Christmas and New Years blessings to all, Gene Charlie and Dennis!
The two things that stand out to me in both Dennis and Charlie's response are the words "trust".... and the phrase "reliance on God." Number one, I prefer the word trust to the word "faith." I have no idea why- it just resonates with me more deeply. So thank you for that translation Dennis. And Charlie, the phrase "reliance upon God," also resonates with me more strongly than having "faith" in God. Faith is an abstract term that means many things to many people, very subjective. However reliance upon God is more mechanical and practical and I understand the meaning of more clearly the pious platitude called faith.

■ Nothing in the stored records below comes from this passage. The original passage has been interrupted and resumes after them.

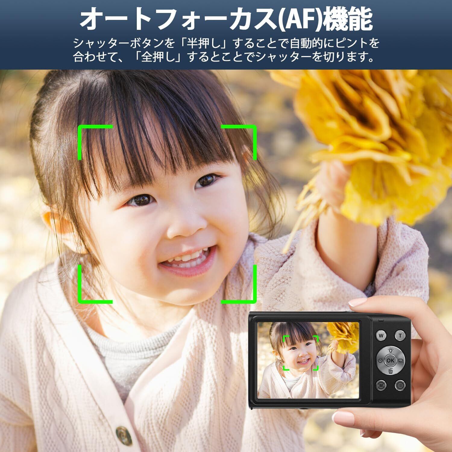 【手ブレ補正機能搭載&16倍デジタルズーム】わずかな手ブレも高精度に補正する「電子手ブレ補正」を搭載。手ブレが起こりやすいズーム撮影時でも、ブレを抑えてキレイに撮影可能です。16倍デジタルズーム機能も搭載しておりますので、W/Tボタンでズームインやズームアウトすることができ、遠い被写体もキレイに撮れます。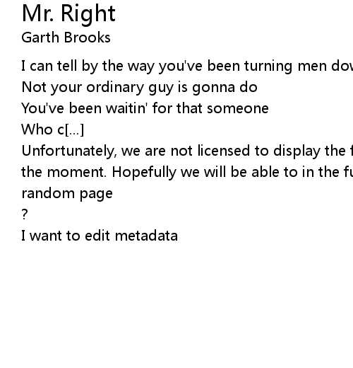 | Unfortunately, we are not licensed to display the full lyrics for this song at the moment. Hopefully we will be able to in the future. Until then, how about a | |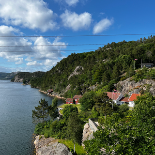 Erstmal raus aus dem verkehrsreichen Kristiansand. Schon nach ein paar Kilometer und ein bis zwei Abbiegungen wurde es ruhiger, schöner und gleich sehr sehr hügelig.So konnten wir innerhalb von Minuten das ganze Gängerepetoire unserer Fahrräder nutzen und mussten teilweise im Schritttempo die Berge hochfahren. 🚴♂️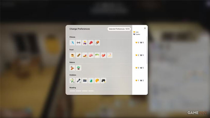 Mỗi Zoi có thể có tối đa 10 sở thích và sở ghét. Ví dụ, nếu một Zoi thích chơi game, họ sẽ chơi thường xuyên hơn và cảm thấy vui vẻ khi làm điều đó. Họ cũng có thể nói chuyện Zoi khác về niềm đam mê của mình. Để có trải nghiệm dễ dàng hơn, hãy chọn nhiều sở thích hơn để Zois trở nên hạnh phúc hơn và thường xuyên làm những việc có ích.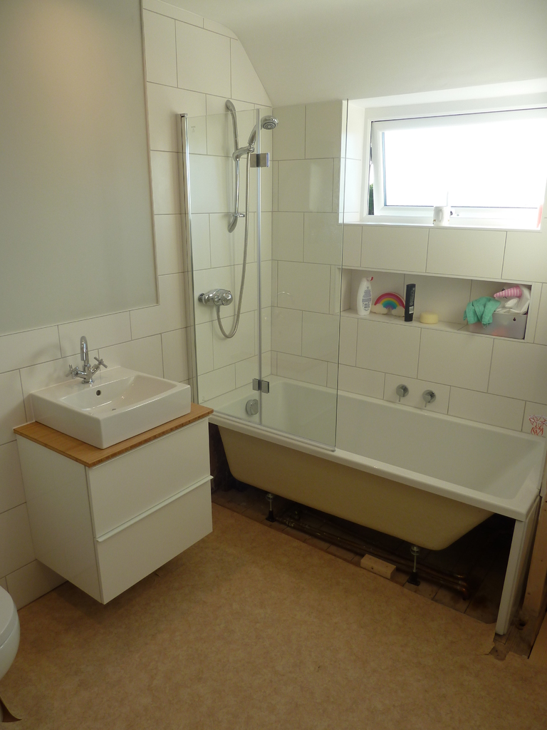 From here on out it was just a slog to get it done. There was 1 week where Rachael and Olivia went to stay with her parent’s for a few days, which was the point at which I ripped out the old bath and tried to get the new one in, but I’ll be honest it took longer than expected and we did need to ask to use friend’s showers for a few days while I got it all sorted.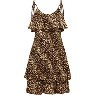 Leopard Print Midi Dress Cool, flowing material Flounce at neckline Adjustable spaghetti straps Layer in the lower skirt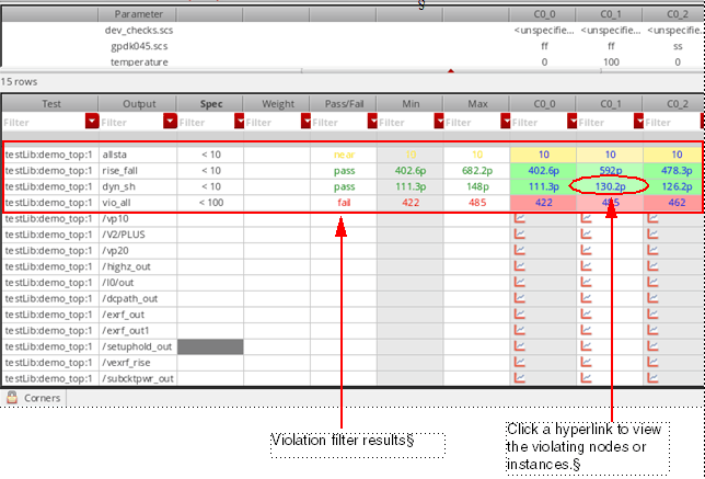The violation filter output value for each corner is a hyperlink. Click any value with hyperlinks to display the detailed results that contributed to this value. The net- or instance-wise details are opened in Checks/Asserts results view. With an aim to resolve violations, you can use the hyperlinks in that detailed view, find the violating nodes or instances, waive violations, and add comments.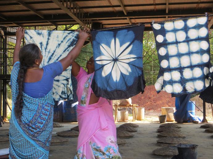 We still dream, though, of cultivating indigo on Auroville lands and to extract the dyes ourselves. The dye-yielding plant not only has the potential to revive barren lands and could provide much needed income to rural women gatherers, it also yields compost.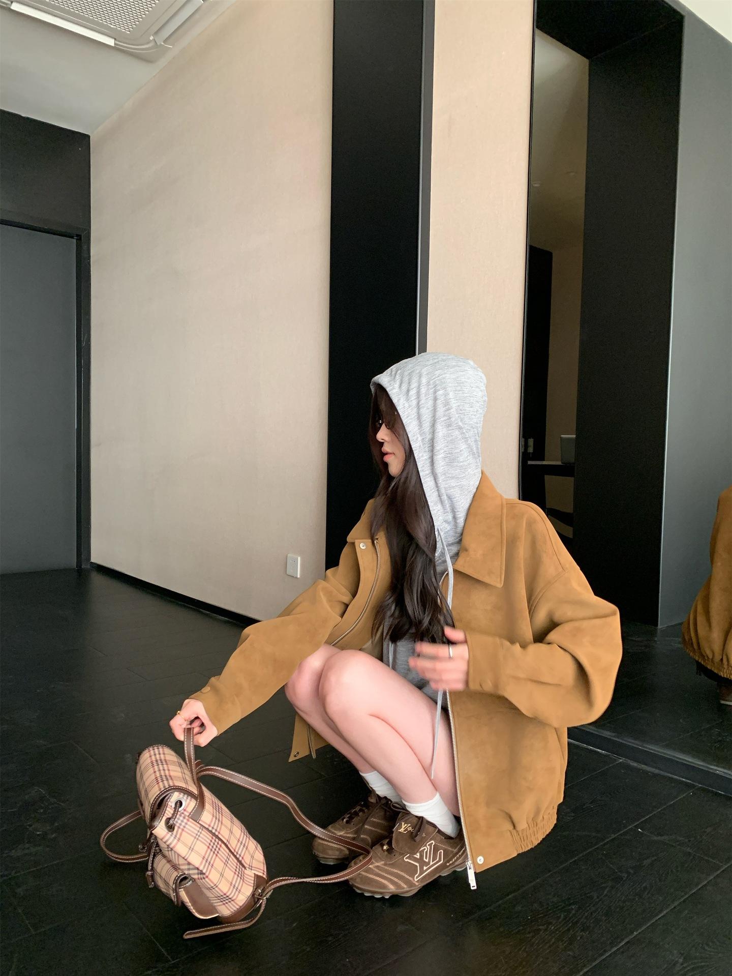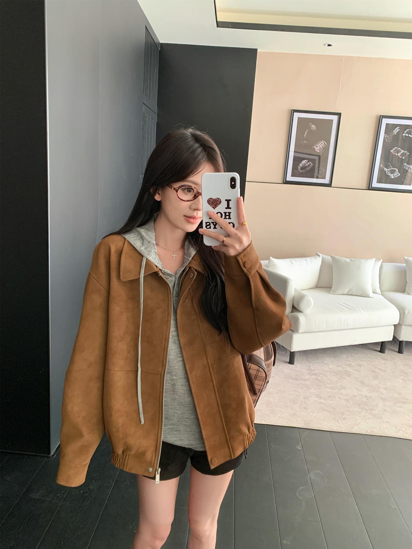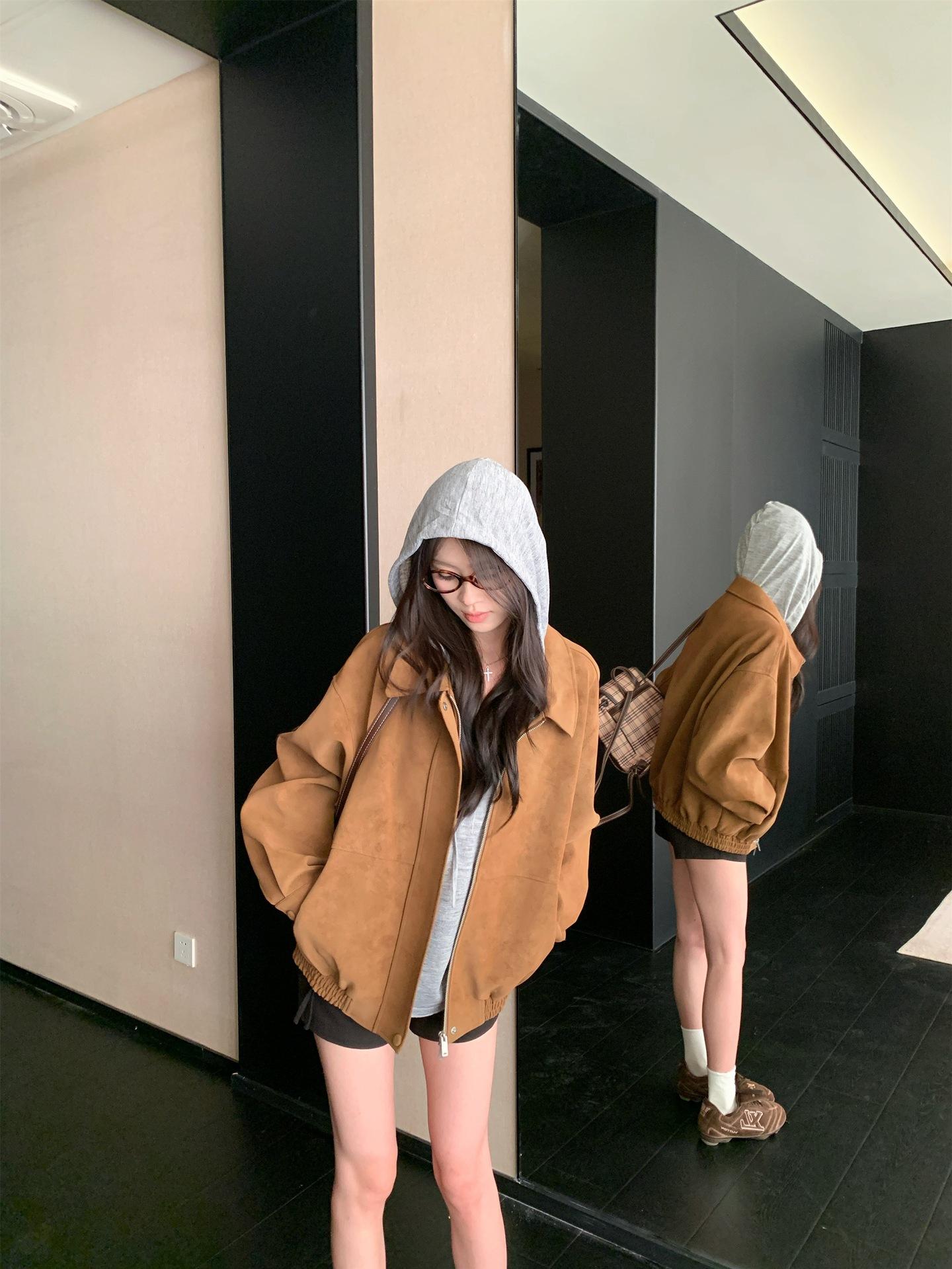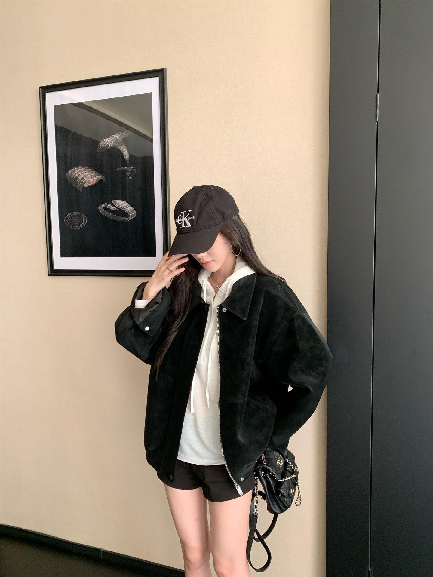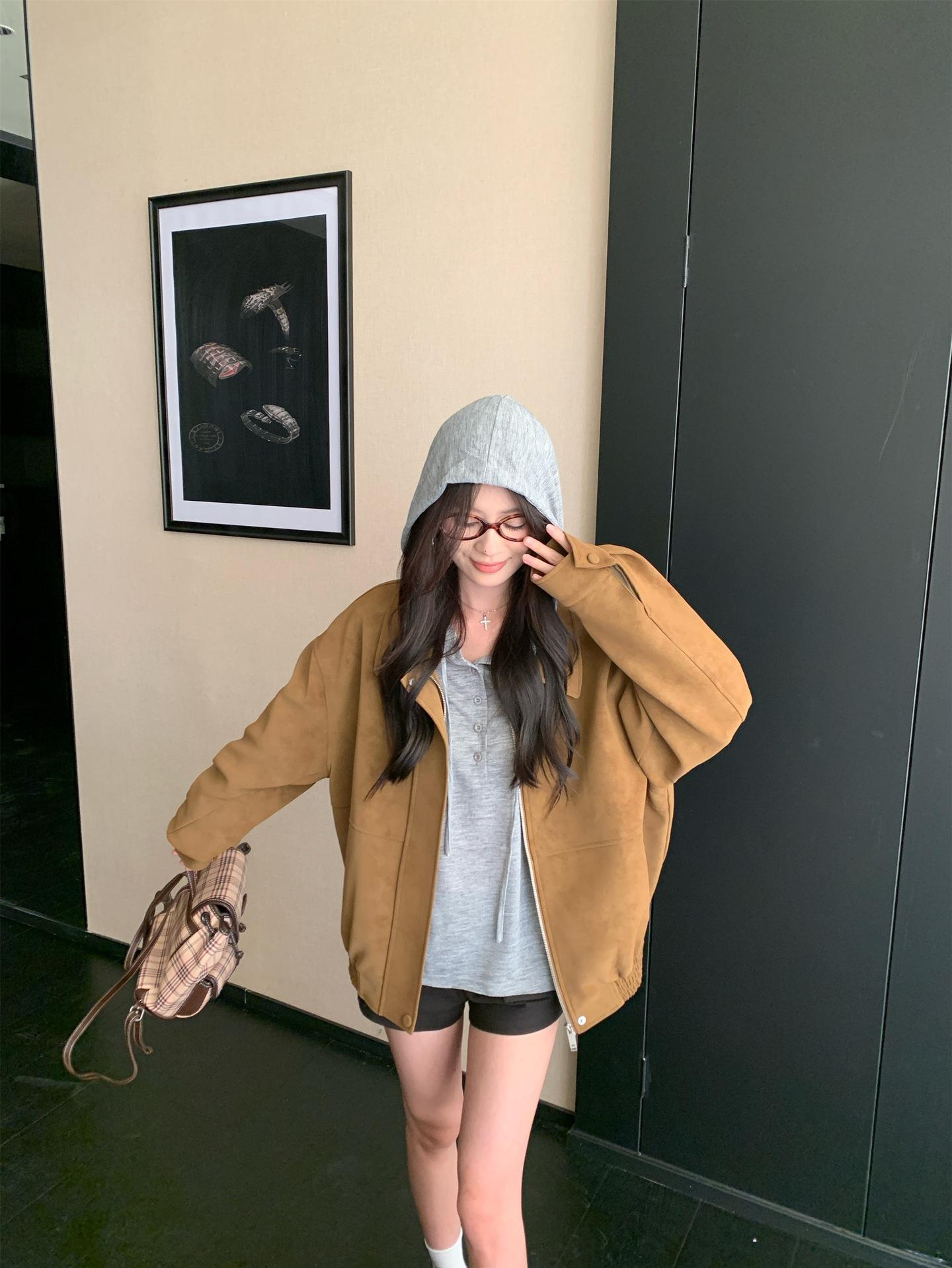 Foto Real Chaqueta de Gamuza Retro Mujer Otoño 2025 Americana Holgada Cuello Solapa Casual Versátil Adelgazante Abrigo Top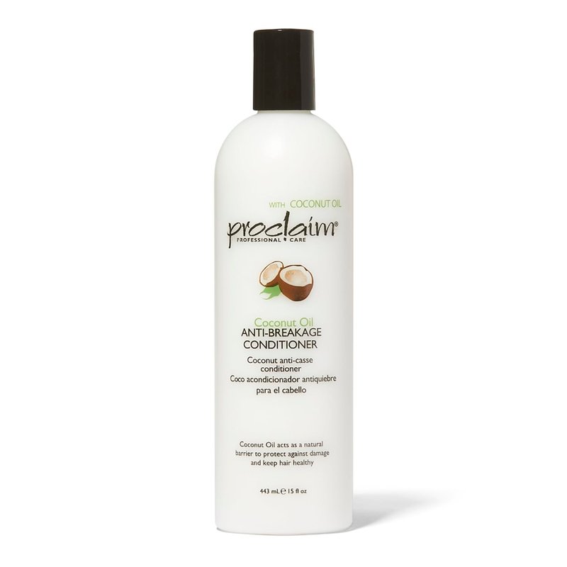 Proclaim Coconut Oil Anti-Breakage Conditioner contains nourishing Coconut Oil that acts as a barrier to protect against damaged hair and free radicals gently cleanses smoothes and moisturizes.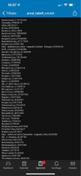 f) Read in the CSV file area_tabell_csv.txt. For each line, check whether you can find the name of the country in the dictionary from the previous subtask. If you find the name, set the area of ??the Land object equal to the area from this file. If you cannot find the country in the dictionary, write the name of the country and that you cannot find it.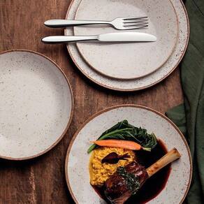 Aparelho de Jantar Jogo de Pratos Fundos Tramontina Rústico Marrom em Porcelana Decorada 6 Peças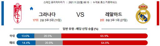 프리메라리가 11월 22일 00:15 그라나다 CF : 레알 마드리드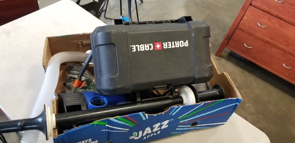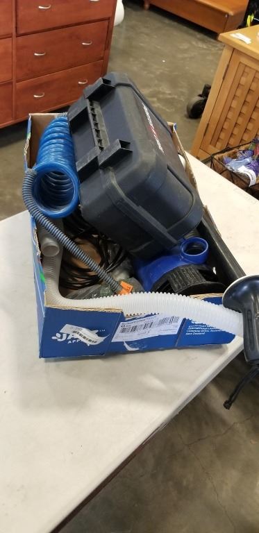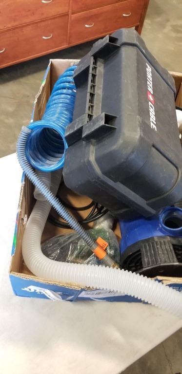 TRAY OF SUMP PUMP, WATER HOSE, SHRINK WRAP HANDLE AND MORE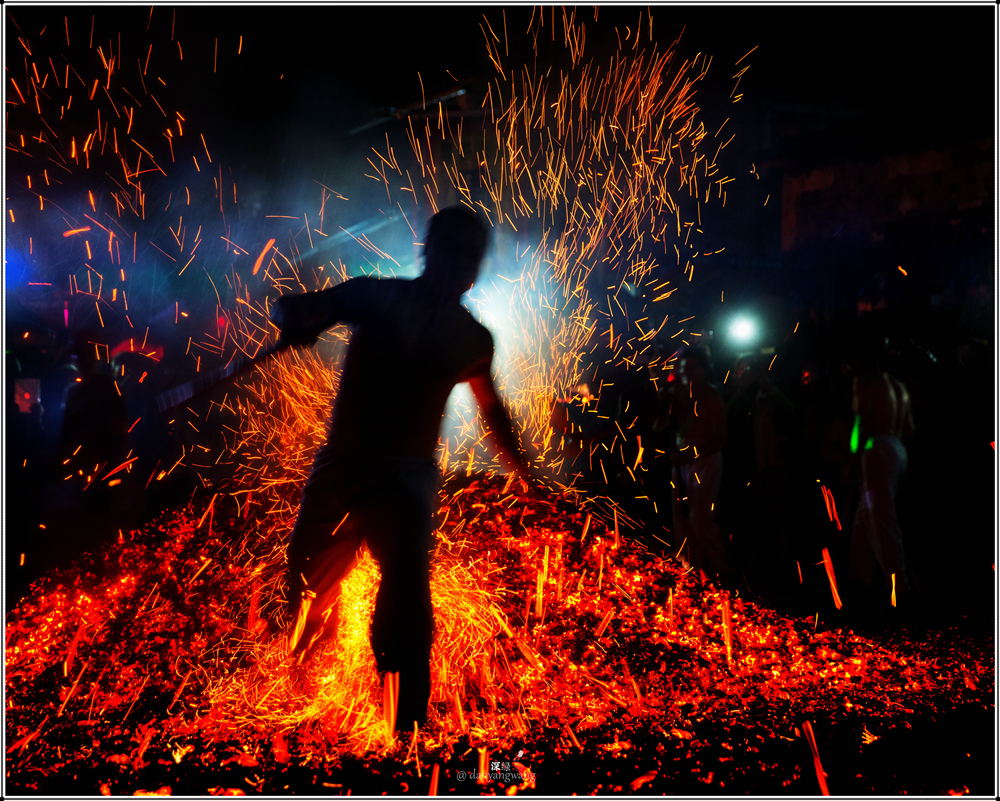仪式马上要开始了, 汉子们站好队列,随着一声大喊,第一个汉子已往火堆里冲去,接着第二个、第三个……,飞奔过火堆的片刻,火星瞬间腾了起来,亮亮闪闪如烟花,很是美丽!踩火堆也是有技巧的,扬起的火星越高越大,说明“功夫”越高,伴之而来的是高昂地惊叹和欢呼声。汉子们无一示弱,踩过火堆时双脚不抬起,用脚面拖一段,火星就被扬起来了,不能太深,容易绊倒,太浅也不行,不深不浅恰到好处。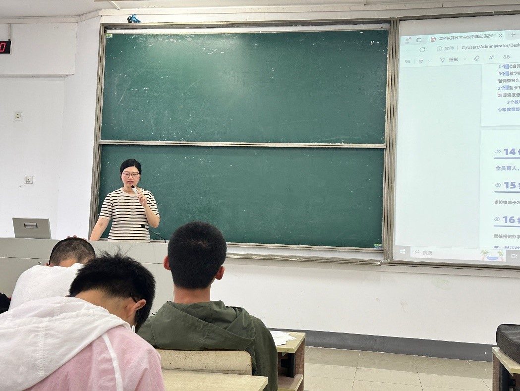祝腾老师首先从辅导员日常工作对本学期工作进行总结。祝老师还强调了本科教育教学审核评估的重要性,提醒大家在日常生活中注重构建良好的学习氛围。《劳动教育》是学校一直以来重视的课程。祝老师提醒大家通过劳动教育,注重树立正确的劳动观念、具有必备的劳动能力、培育积极的劳动精神、养成良好的劳动习惯和品质。本学期,学院开展了系列劳动教育相关活动,文化走读、篆刻橡皮章、苑区劳动工坊等,旨在培养学生实践能力和创新精神。接着,祝老师还结合本届学院考研就业情况,给大家详细分析了保研相关政策、考研备考流程、留学相关信息、就业实习需提前准备的工作等,助力大家提前了解升学相关信息,树立正确的就业择业观。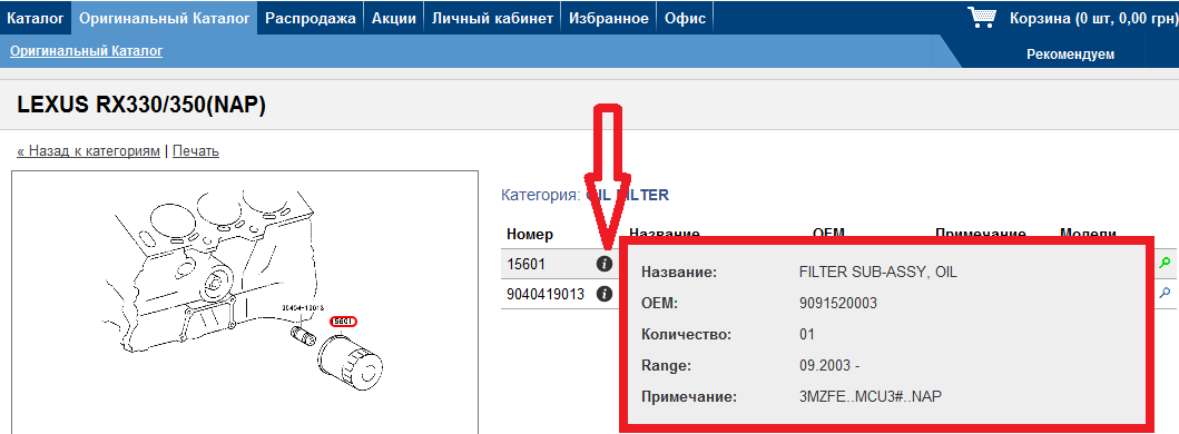 вы можете видеть расширенную информацию о нужной запасной части. Сделать это

Many thanks to all! Elizabeth
Correction: second part of last sentence should read "and I understand the meaning of it more clearly than the meaning of the pious platitude called 'faith.'"
"Faith" is used synonymously these days with "belief," especially in John, where it is almost always used as the verb translated "believe." Since meeting Daryl Schmidt in the early 00's, I have understood the meaning to be "confidence" or "trust" when I read it in the Paulines. In my Homeric Greek books the Greek (pistis) is rendered "trust, pledge, assurance..." not "belief."